* TASK DIRECTIONS: Your job is to give again, exactly and with no additions, the lines in the records below from the one with "Cette chaussure qui" through the one with "La Poste émet", both included. Omit the pictures.

* DATASET:
*** Block opens ***

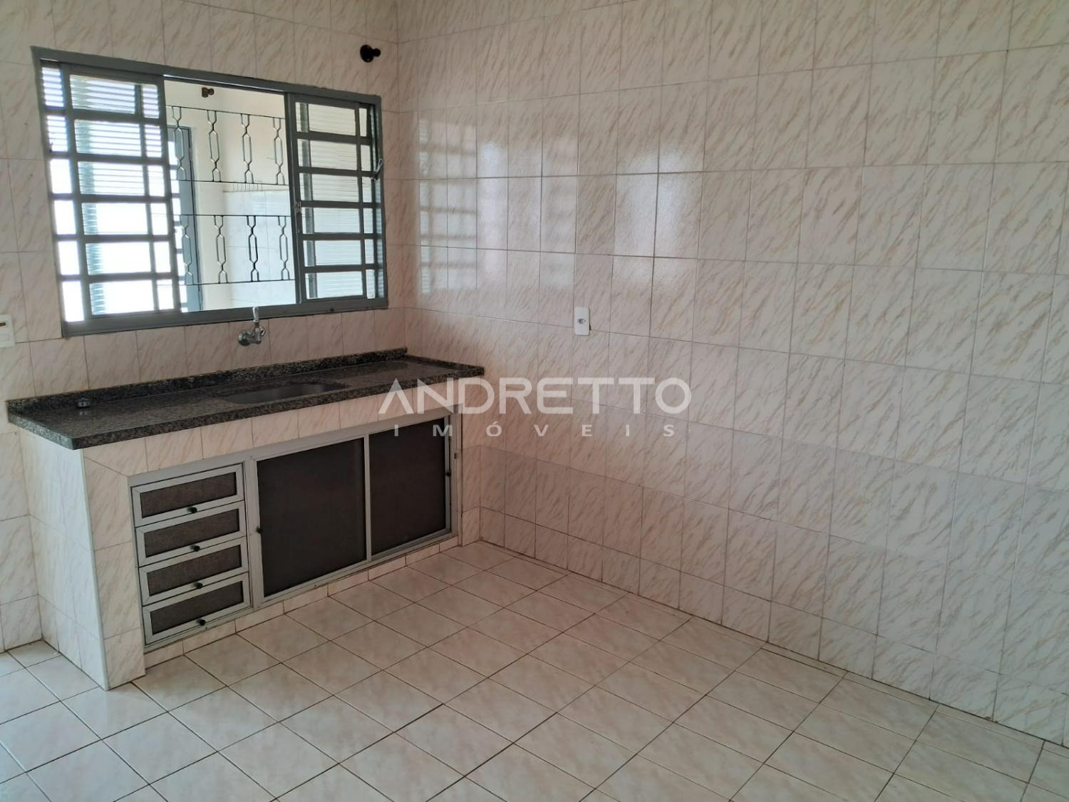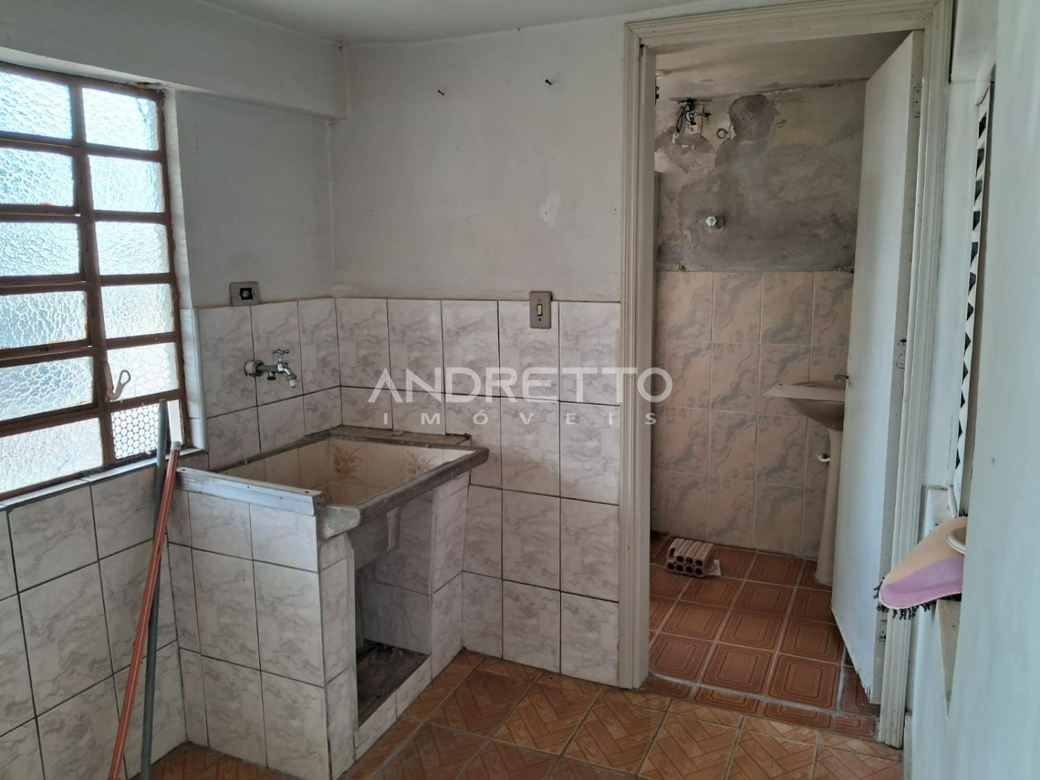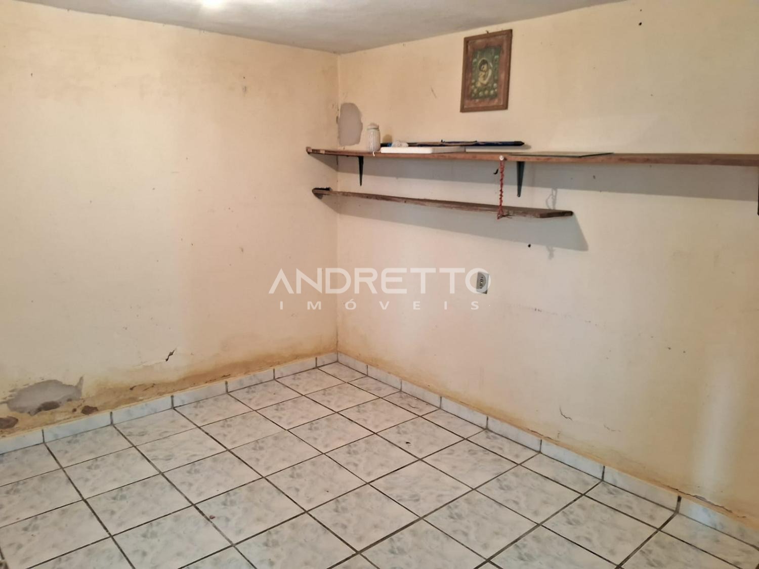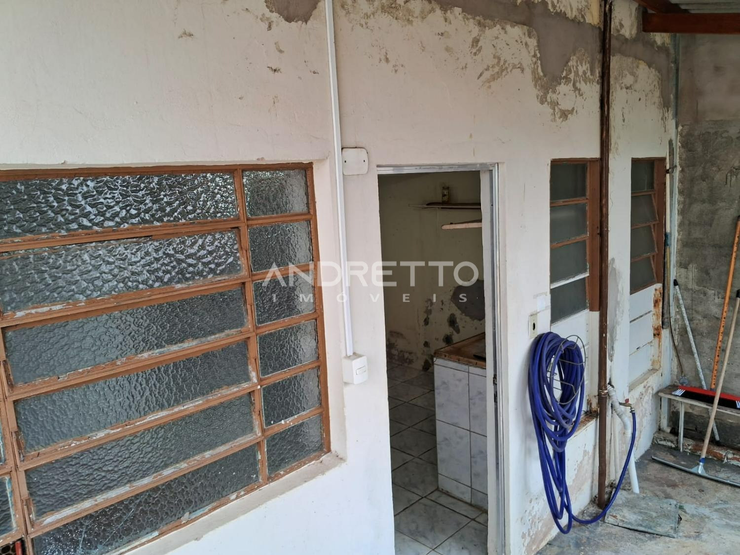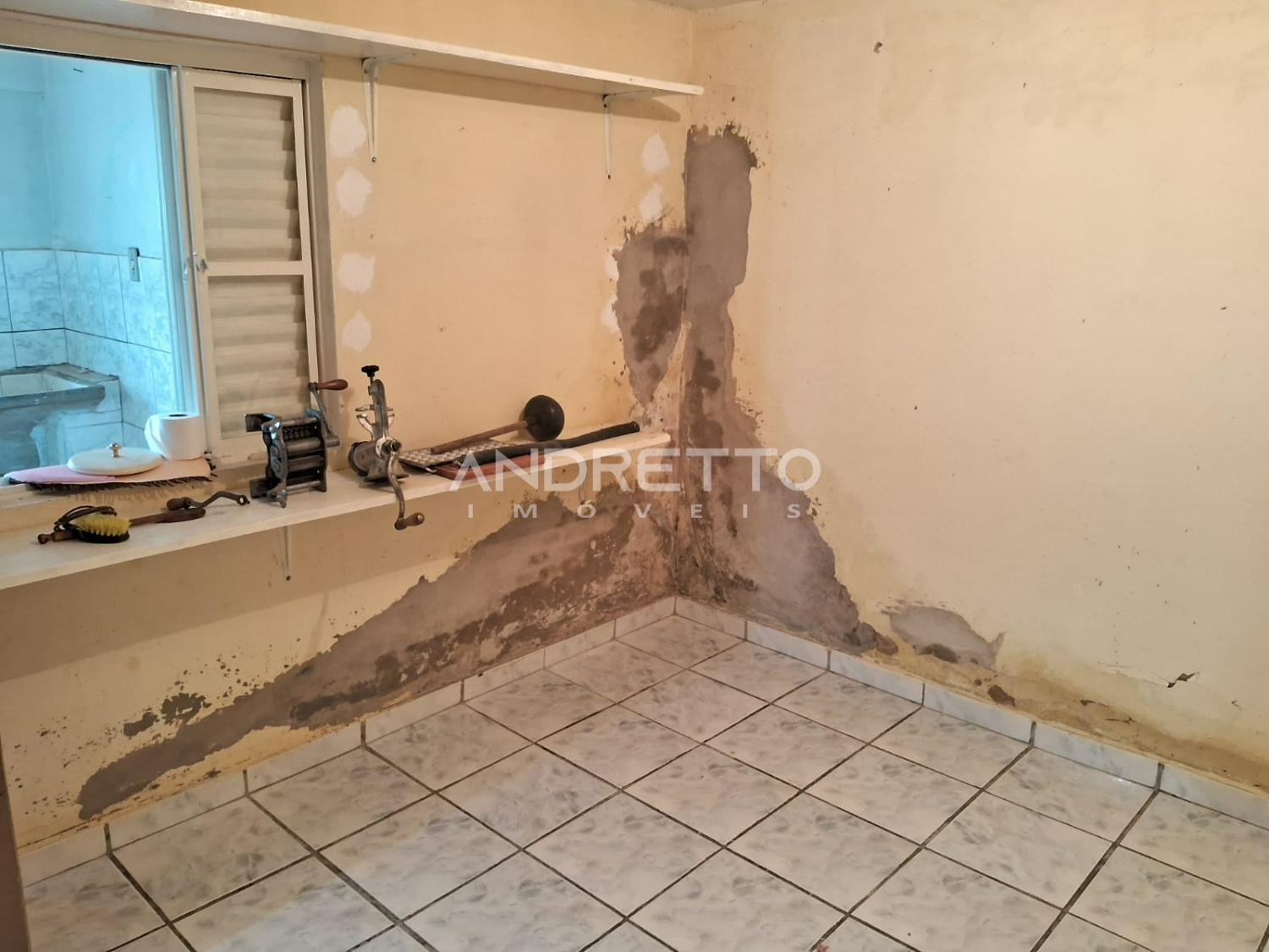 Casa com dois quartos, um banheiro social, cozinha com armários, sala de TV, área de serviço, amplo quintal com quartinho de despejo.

*** Block closes ***
*** Block opens ***

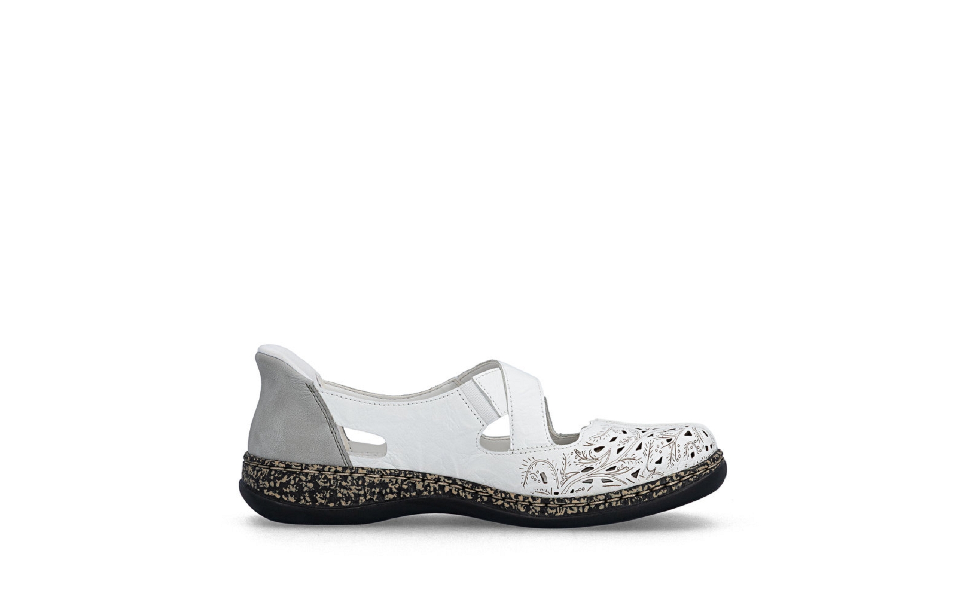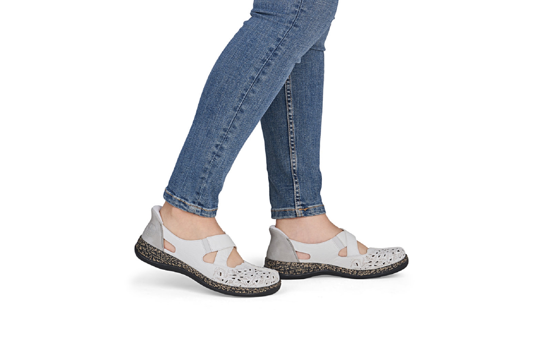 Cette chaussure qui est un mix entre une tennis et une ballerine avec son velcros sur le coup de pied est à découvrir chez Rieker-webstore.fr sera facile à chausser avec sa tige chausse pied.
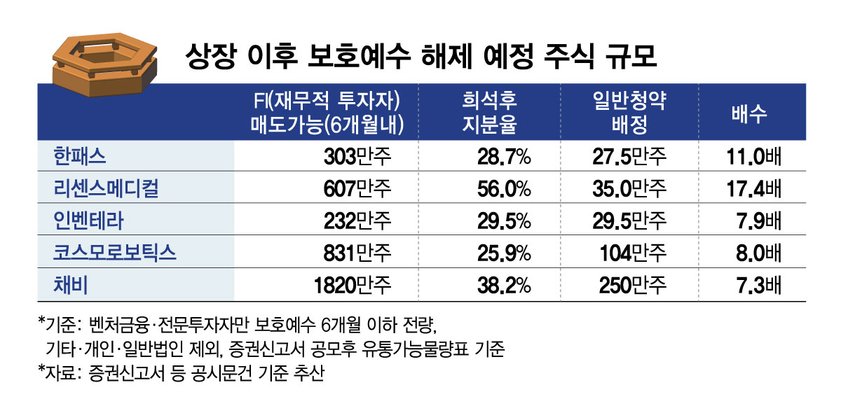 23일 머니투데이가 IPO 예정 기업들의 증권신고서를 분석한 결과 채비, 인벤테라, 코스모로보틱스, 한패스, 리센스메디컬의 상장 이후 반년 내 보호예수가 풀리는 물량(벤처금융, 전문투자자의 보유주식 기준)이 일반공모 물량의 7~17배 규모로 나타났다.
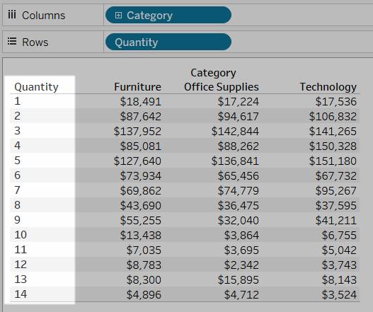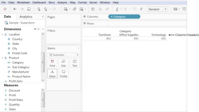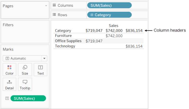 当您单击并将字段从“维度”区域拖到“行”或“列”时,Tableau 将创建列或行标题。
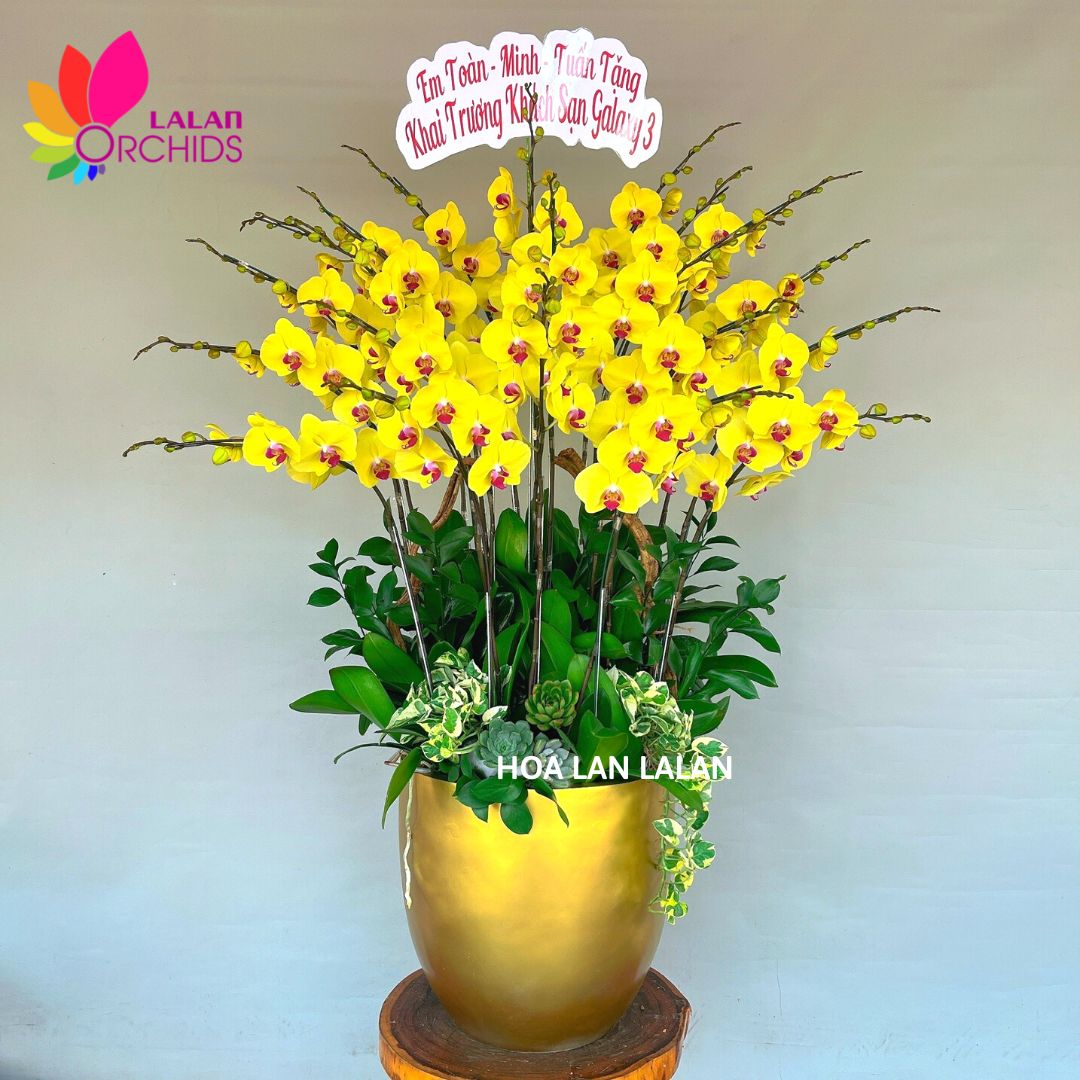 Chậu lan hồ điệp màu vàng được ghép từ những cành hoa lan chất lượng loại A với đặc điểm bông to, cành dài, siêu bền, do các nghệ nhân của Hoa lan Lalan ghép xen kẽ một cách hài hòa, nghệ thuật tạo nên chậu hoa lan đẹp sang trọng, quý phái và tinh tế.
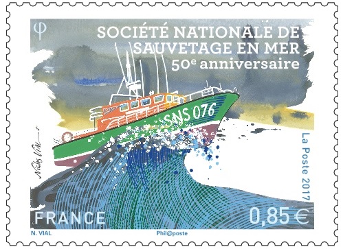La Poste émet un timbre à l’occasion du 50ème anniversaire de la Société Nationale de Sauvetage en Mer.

*** Block closes ***
*** Block opens ***

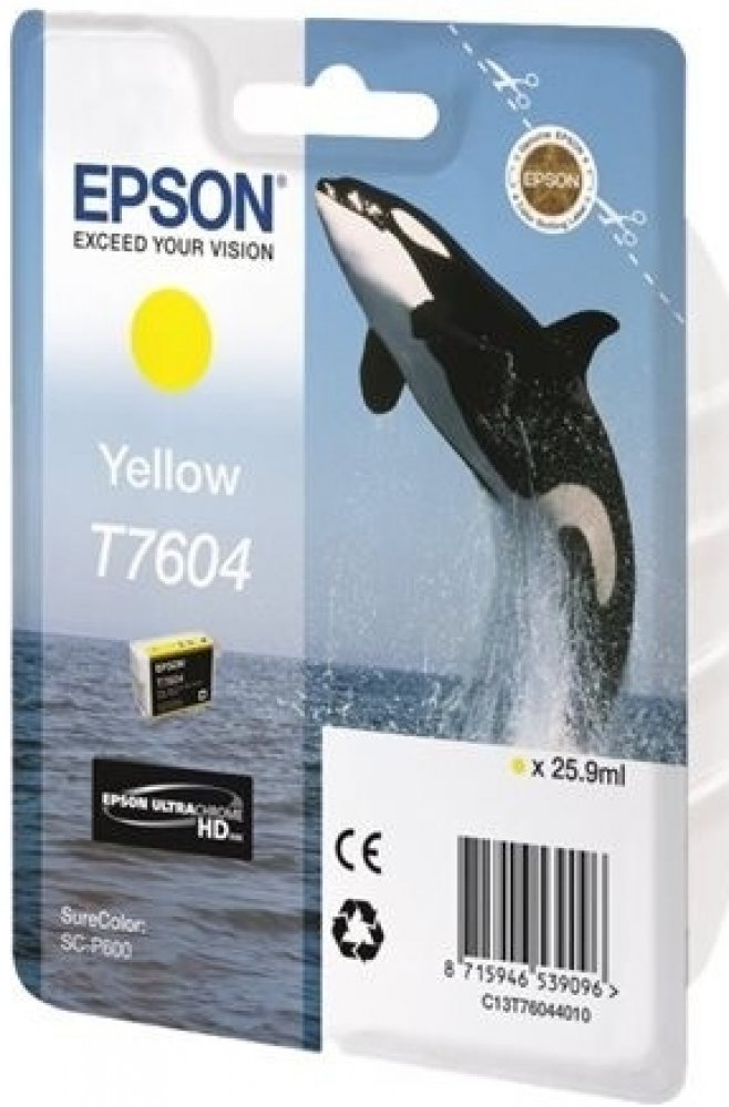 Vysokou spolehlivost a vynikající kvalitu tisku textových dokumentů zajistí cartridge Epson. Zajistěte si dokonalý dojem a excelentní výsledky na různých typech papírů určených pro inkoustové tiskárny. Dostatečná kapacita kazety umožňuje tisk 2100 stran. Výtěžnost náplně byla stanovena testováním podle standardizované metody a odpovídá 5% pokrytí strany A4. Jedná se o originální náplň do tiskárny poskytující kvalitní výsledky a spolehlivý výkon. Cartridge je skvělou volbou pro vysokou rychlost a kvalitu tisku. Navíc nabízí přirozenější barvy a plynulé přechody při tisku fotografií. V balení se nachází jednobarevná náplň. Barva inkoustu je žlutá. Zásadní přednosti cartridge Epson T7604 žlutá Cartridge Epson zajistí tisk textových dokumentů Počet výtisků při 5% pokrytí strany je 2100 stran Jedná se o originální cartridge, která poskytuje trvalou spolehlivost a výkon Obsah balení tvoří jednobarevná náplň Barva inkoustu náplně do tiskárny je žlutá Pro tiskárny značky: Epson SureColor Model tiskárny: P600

*** Block closes ***

* RESULT FOR THIS EXERCISE:
 Cette chaussure qui est un mix entre une tennis et une ballerine avec son velcros sur le coup de pied est à découvrir chez Rieker-webstore.fr sera facile à chausser avec sa tige chausse pied.
 23일 머니투데이가 IPO 예정 기업들의 증권신고서를 분석한 결과 채비, 인벤테라, 코스모로보틱스, 한패스, 리센스메디컬의 상장 이후 반년 내 보호예수가 풀리는 물량(벤처금융, 전문투자자의 보유주식 기준)이 일반공모 물량의 7~17배 규모로 나타났다.
 当您单击并将字段从“维度”区域拖到“行”或“列”时,Tableau 将创建列或行标题。
 Chậu lan hồ điệp màu vàng được ghép từ những cành hoa lan chất lượng loại A với đặc điểm bông to, cành dài, siêu bền, do các nghệ nhân của Hoa lan Lalan ghép xen kẽ một cách hài hòa, nghệ thuật tạo nên chậu hoa lan đẹp sang trọng, quý phái và tinh tế.
La Poste émet un timbre à l’occasion du 50ème anniversaire de la Société Nationale de Sauvetage en Mer.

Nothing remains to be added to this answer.